Ted Cruz: John Kerry Should Step Down Over 'Apartheid' Comment

Cruz: Kerry Should Step Down Over Contentious Comment

Sen. Ted Cruz (R-Texas) said Secretary of State John Kerry to step down for saying Israel risks becoming an "apartheid state."

The Daily Beast reported Sunday that on Friday, Kerry had told a closed-door meeting in Washington that Israel risked becoming an "apartheid state" with two classes of citizens if negotiations to forge a peace deal fail. More from the Daily Beast:

Kerry also said that at some point, he might unveil his own peace deal and tell both sides to “take it or leave it.”

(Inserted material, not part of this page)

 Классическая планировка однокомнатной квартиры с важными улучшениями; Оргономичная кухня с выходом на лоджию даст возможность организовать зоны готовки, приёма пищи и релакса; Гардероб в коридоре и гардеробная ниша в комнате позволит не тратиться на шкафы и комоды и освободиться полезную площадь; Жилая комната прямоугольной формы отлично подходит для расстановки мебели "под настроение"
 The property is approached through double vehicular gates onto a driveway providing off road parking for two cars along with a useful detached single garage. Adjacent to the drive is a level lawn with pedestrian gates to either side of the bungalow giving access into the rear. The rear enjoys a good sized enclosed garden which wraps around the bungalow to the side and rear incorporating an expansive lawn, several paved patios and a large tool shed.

“A two-state solution will be clearly underscored as the only real alternative. Because a unitary state winds up either being an apartheid state with second-class citizens—or it ends up being a state that destroys the capacity of Israel to be a Jewish state,” Kerry told the group of senior officials and experts from the U.S., Western Europe, Russia, and Japan. “Once you put that frame in your mind, that reality, which is the bottom line, you understand how imperative it is to get to the two-state solution, which both leaders, even yesterday, said they remain deeply committed to.”

Cruz said he read Kerry's comments with "great sadness."

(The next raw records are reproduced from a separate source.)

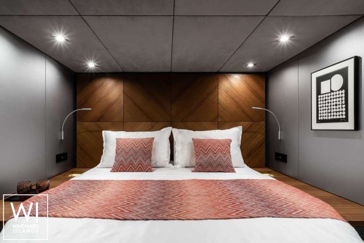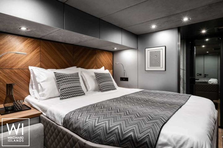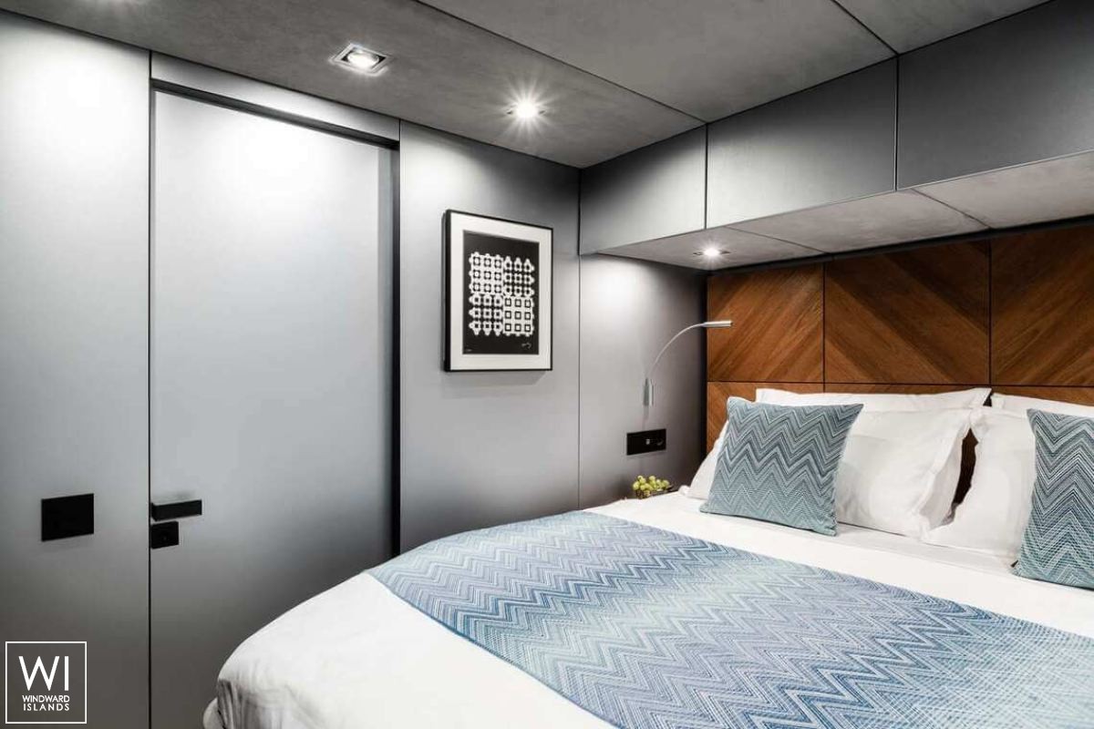Le cabine ospitano un totale di 8 persone in 4 alloggi en-suite: una master suite e tre camere doppie. La cabina armatoriale, situata a centro barca nello scafo di babordo, dispone di un letto matrimoniale e di un bagno in camera con armadio e doccia separati dalla toilette e dal lavandino. Una delle camere da letto doppie è posizionata a prua della camera da letto principale, con le altre due cabine doppie posizionate a prua e a centro nave.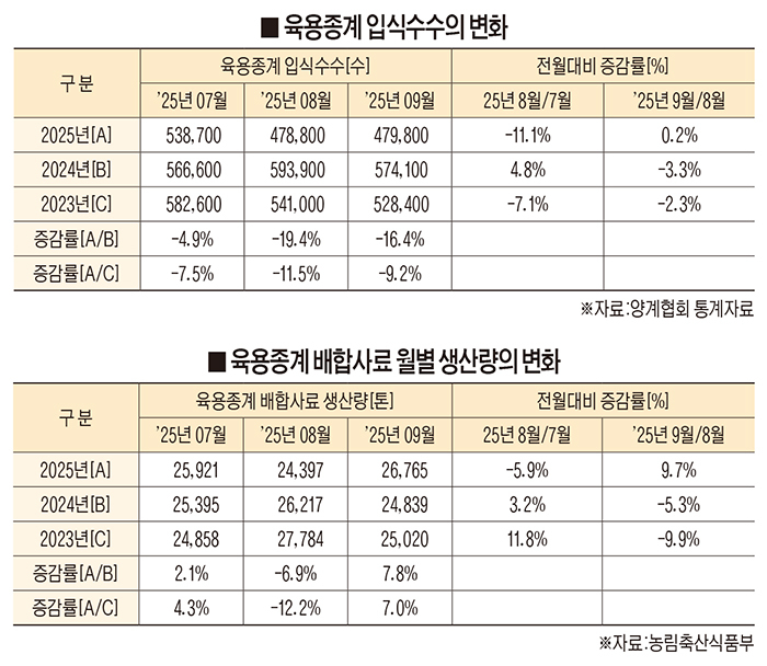 9월 육용종계 배합사료는 2만6천톤으로 전년동월대비 7.8% 증가한 물량이 공급됐다.(전년동월 2만4천톤) 종계사료 증가는 AI 및 2026년 전반기 종란생산확대를 위해 종계 생산연장이 진행되면서 증가한 것으로 보인다. 생산연장의 경우 10월 현재 20만수~30만수로 파악되지만 12월 최대 50만수 이상이 될 것으로 예상된다.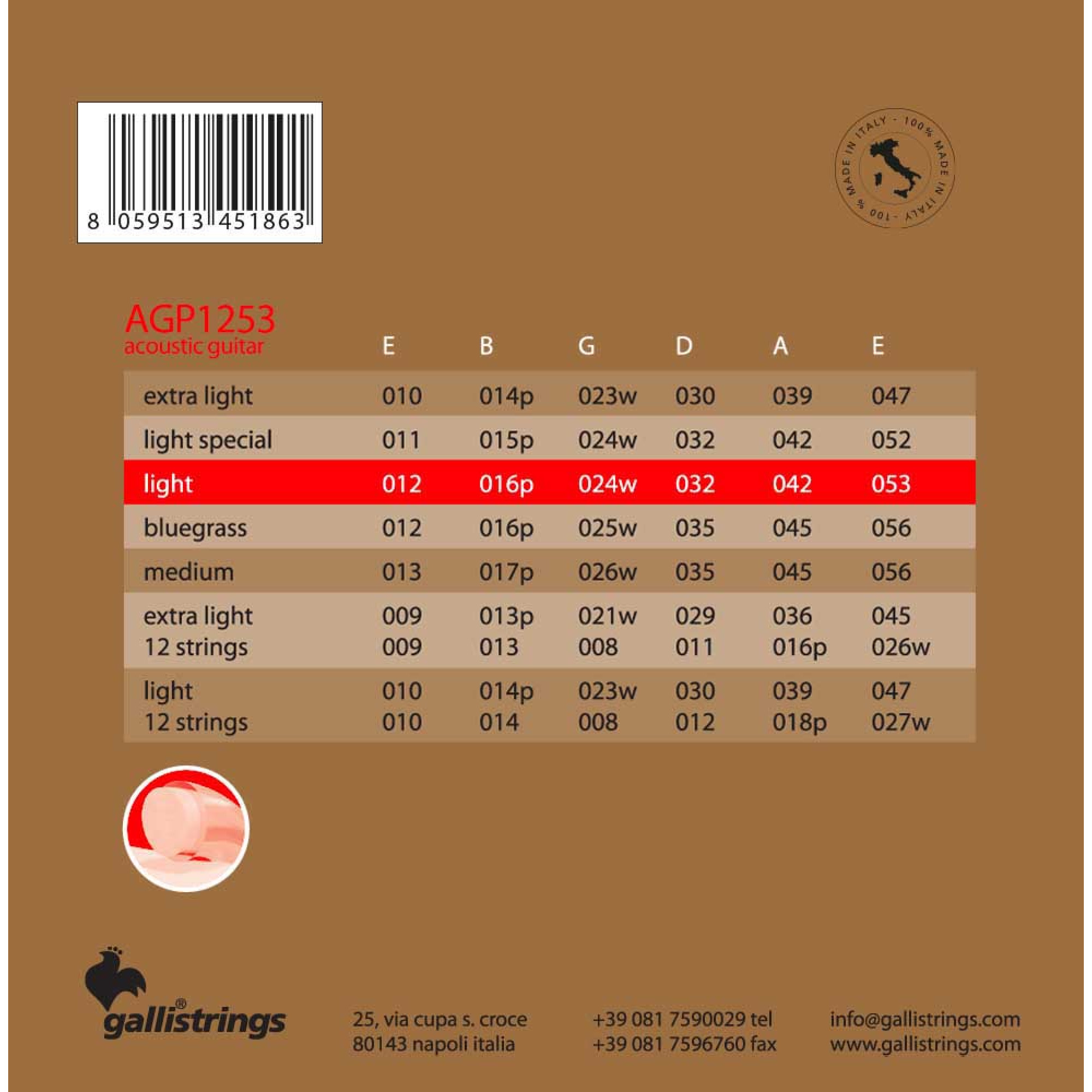 Комплект Galli® Strings AGP1253 LIGHT із 6 струн, легкого натягу, матеріал фосфорна бронза, калібр .012 - .053 PROCOATED.

"There is no place for this word in the context of the state of Israel," Cruz said on the Senate floor Monday.

"Sadly, it is my belief that Secretary Kerry has proven himself unsuitable for the position he holds," Cruz continued. "Therefore, before any further harm is done to our national security interests and to our critical alliance with the nation of Israel, that John Kerry should offer President Obama his resignation and the president should accept it."

In a statement released by the State Department on Monday, Kerry insisted his comments were misinterpreted and criticized those launching "partisan political" attacks against him.

Kerry also noted that he's not the first one to make this comparison. In 2007, then-Prime Minister Ehud Olmert said that Israel would "face a South African-style struggle" if they failed to recognize Palestine as an independent state. In 2010, Ehud Barak, Israel's Defense Minister at the time, said that the country would become "an apartheid state" if it didn't give Palestinians the right to vote. Countless other world leaders and officials have made similar comments, including Former U.S. President Jimmy Carter.